Già nel 1928 pubblicava il primo libro di novelle dal titolo “Il mendicante di luce” cui seguì, l’anno dopo, “Persiane Chiuse” e poi “Osteria di lusso”, Copertina delle novelle "TERRAMATTA"Muore un cane”, “L’avventura dei vivi”; era già nella metropoli, aggrappato ai suoi sogni . Il taglio arrivò presto, si delineò appieno il senso dell’emigrazione, ancor troppo giovane lasciò difatti Miglionico, sua madre, sua sorella, nella mai spenta speranza di ritornare e ritornò…”L’estate del 1943, a causa degli eventi bellici che precipitavano in Sicilia, giunsi in un paese dell’Italia meridionale, il mio, messo li a cuocere come una torta bianca sul cocuzzolo piatto e avvampato d’un monte squallido. Da dieci anni non vedevo più la mia mamma, vedova e sola…non ero riuscito mai a staccarla dalla sua terra bisbigliante insetti e pampini ne a smuoverla dalla vecchia casa appoggiata allo sconvolto olivo saraceno, attonita sotto il sole…partii con la volontà ferma di portarla via ad ogni costo…la vidi sulla soglia della nostra casa…e il mio cuore ebbe uno strappo. Esile e pallida, il capo bianco eretto sull’abito nero, nobilissima. Girellavo, a caso, per le strade del paese, disseppellendo dai ricordi rinsecchiti della mia prima giovinezza”.

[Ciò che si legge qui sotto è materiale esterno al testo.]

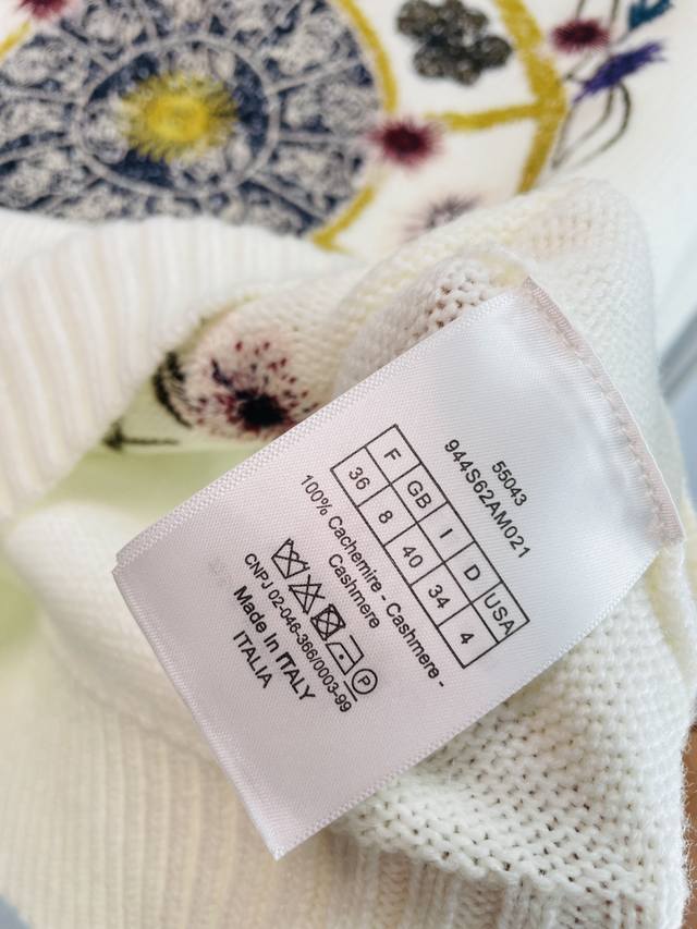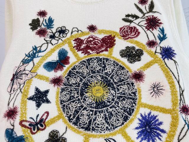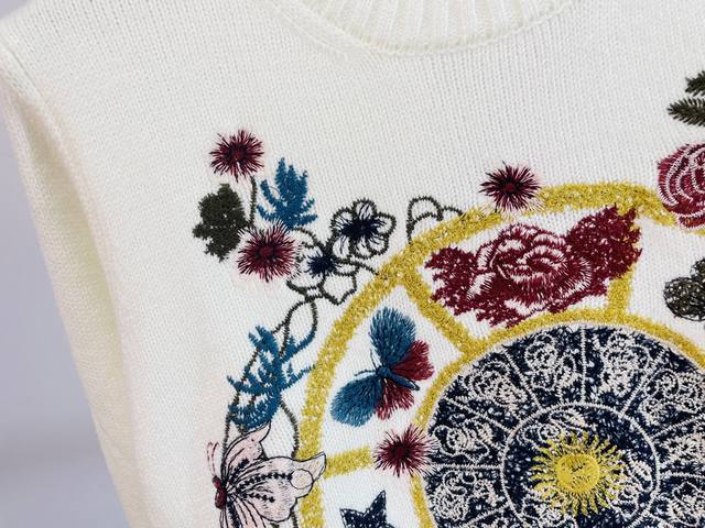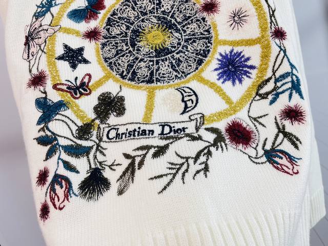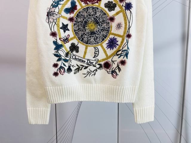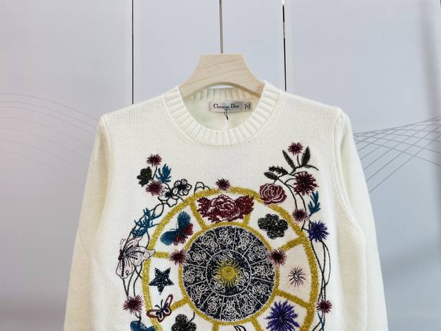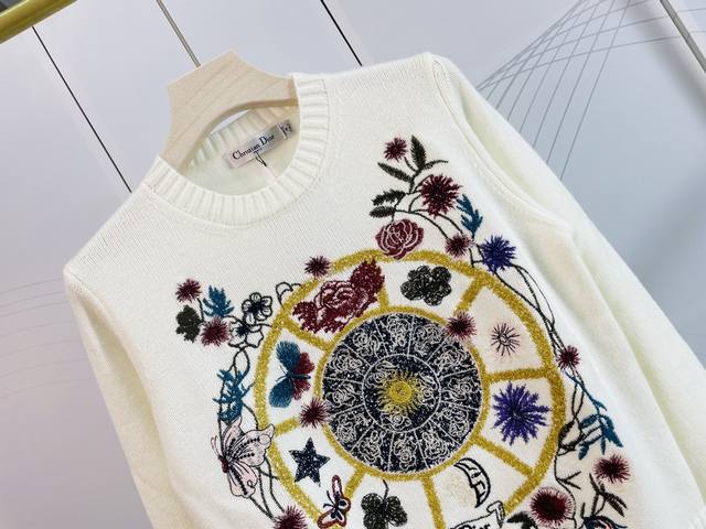 Dior&Dior new heavy embroidery floral five-pointed star pattern pullover sweater

Questi ultimi richiami mnemonici tratti dalle novelle del volume “Terramatta” del ’49, rivelano il senso di un’esistenza non vissuta se non nella rievocazione di quegli anni e sulla propensione, compagna di una vita, a rientrare: “di nuovo tra questi pochi metri di terra, come in una bara di verde, col coperchio azzurro di cielo, a chiudere gli occhi, perché solamente qui, la prima, l’ultima volta, ritroverà la sua luce, la vera luce; la mistica serenità che inutilmente affannosamente cercò altrove; i suoi avi, la sua gente, la sua terra, la sua chiesa, il suo camposanto, gli uomini pazzi sognatori come lui, gli individui eternamente vagabondi come lui…” (da: Cristo non si è fermato ad Eboli).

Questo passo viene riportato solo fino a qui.